Plan participants are immediately 100% vested in participant and Company matching contributions when made, plus any investment earnings thereon.

Investment Options

Upon enrollment in the Plan, participants may direct their contributions in whole percentage increments to any of the Plan’s fund options. The Plan designated the Fidelity Freedom Index Funds as the qualified default investment option for employees who do not make an active investment election. Participants may subsequently change their investment options for either existing or future contributions, subject to trading limitations on certain of the Plan’s individual fund options.

Participants generally have the ability to make an unlimited number of transfers-in or transfers-out, at any time, of some or all of their Company matching contribution balances held in the PACCAR Inc common stock fund into any of the other investment fund options within the Plan.

1. Description of the Plan (continued)

Notes Receivable from Participants

Actively employed participants may borrow from their individual accounts a minimum of $1,000, up to the lesser of $50,000 reduced by the highest outstanding loan balance during the previous 12 months, 50% of the participants’ total account balance, or the participants’ total account balance excluding Company matching contributions. Loan terms range from 1 to 5 years, or up to 15 years for the purchase of a primary residence, and early payoffs can be made without penalty. The loans are secured by the balance in the participant’s account and bear interest at a fixed rate equal to the prime rate plus 1%, determined as of the loan date. Interest rates ranged from 4.25% to 9.50% on loans outstanding as of December 31, 2024. Principal and interest are repaid either through after-tax payroll deductions or by personal disbursements sent directly to Fidelity Management Trust Company (the Trustee). Loans outstanding do not affect the amount of annual matching contributions the Company pays to participants’ accounts. The number of loans that a participant can take is limited to two new loans per calendar year.

Benefit Payments

Inactive Employees: Participants who leave the Company may choose a single cash payment, installment payments, partial payments or whole shares of PACCAR Inc common stock included in the participant’s account, plus a cash payment for the remaining balance, or have their account balance remain in the Plan until reaching the Required Beginning Date. Participants who leave the Company whose account balance is less than $1,000 will automatically receive a single cash payment. The Plan will establish an Individual Retirement Account for participants who leave the Company whose account balance is more than $1,000 but less than $7,000, unless they make an election to receive a distribution or rollover their balance to another retirement account.

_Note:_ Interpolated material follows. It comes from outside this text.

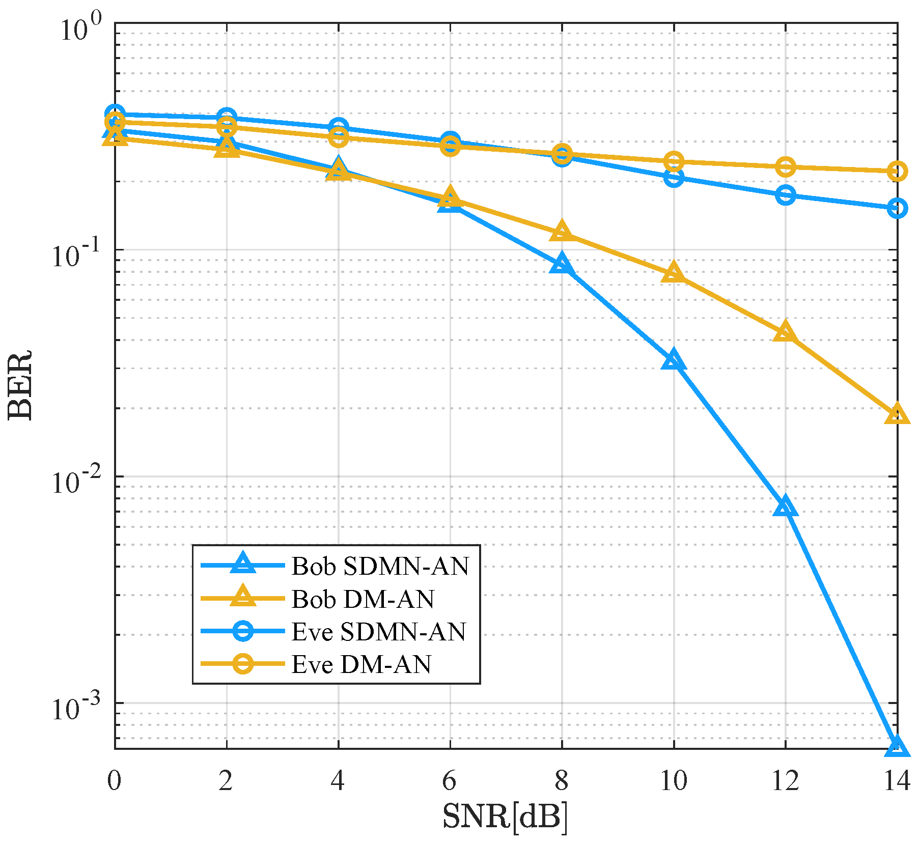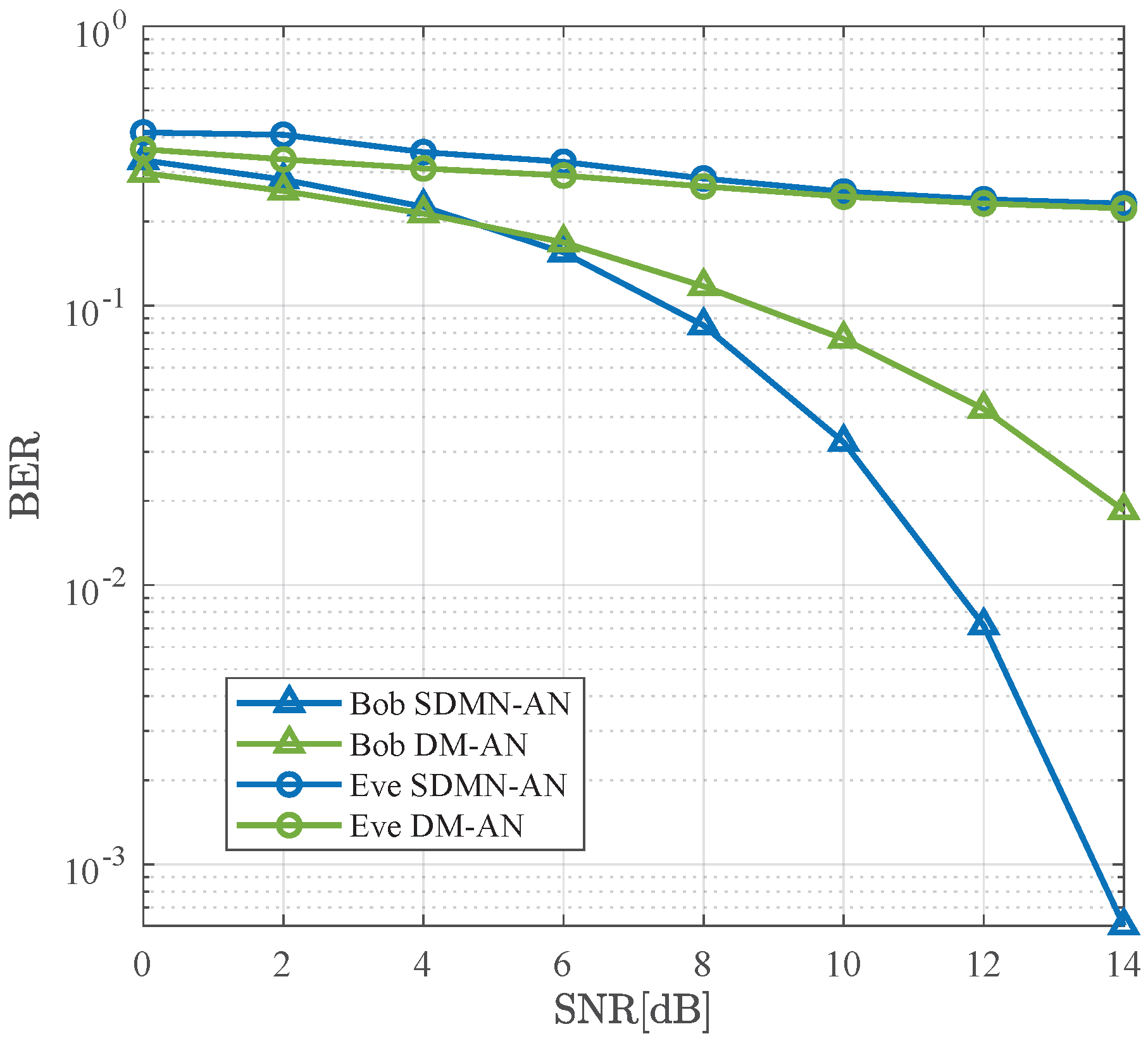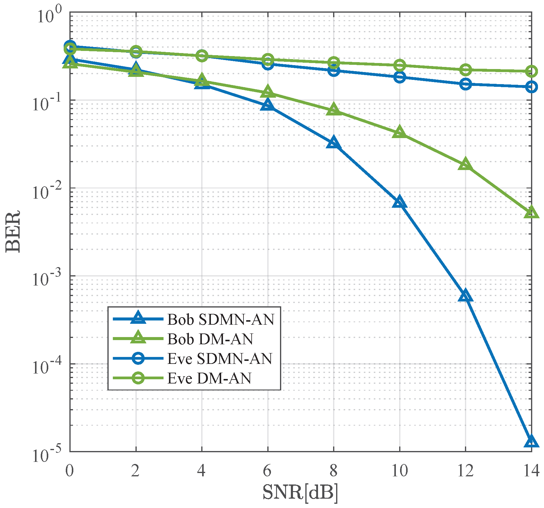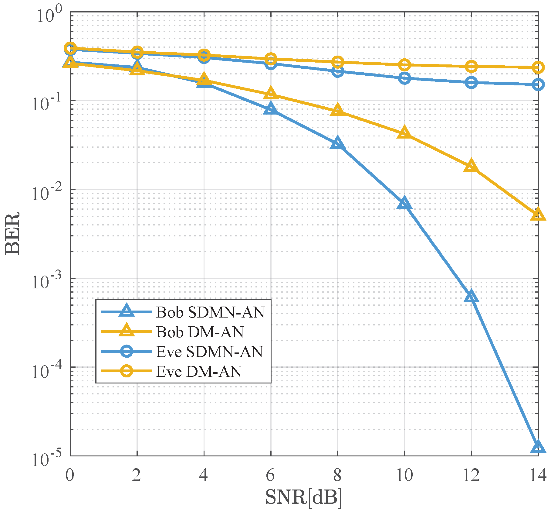 In this section, the security performance of the proposed SDMN-AN scheme is evaluated by comparing its BER with that of the DM-AN scheme presented in [

Active Employees: Payment options for active employees are as follows: (1) employees who have reached age 59½ may elect to have their account balance distributed to them in one lump sum of either all or a portion of their participant account without penalty and (2) employees who have not reached 59½ and have established financial hardship have the option to withdraw from their participant account balance which may, in certain circumstances, result in a penalty.

Plan Termination

It is the intention of the Company that the Plan will continue indefinitely. However, should the Company elect to terminate the Plan subject to the provisions of ERISA, the termination date shall be treated as the valuation date, and the balances in the participants’ accounts will be distributed to them.

Expenses

Investment management fees are charged to the applicable investment fund. Participant recordkeeping fees and other administrative fees may be paid from the Company's general assets or from the Plan's forfeiture account. Loans and other participant fees are charged to each applicable participant account.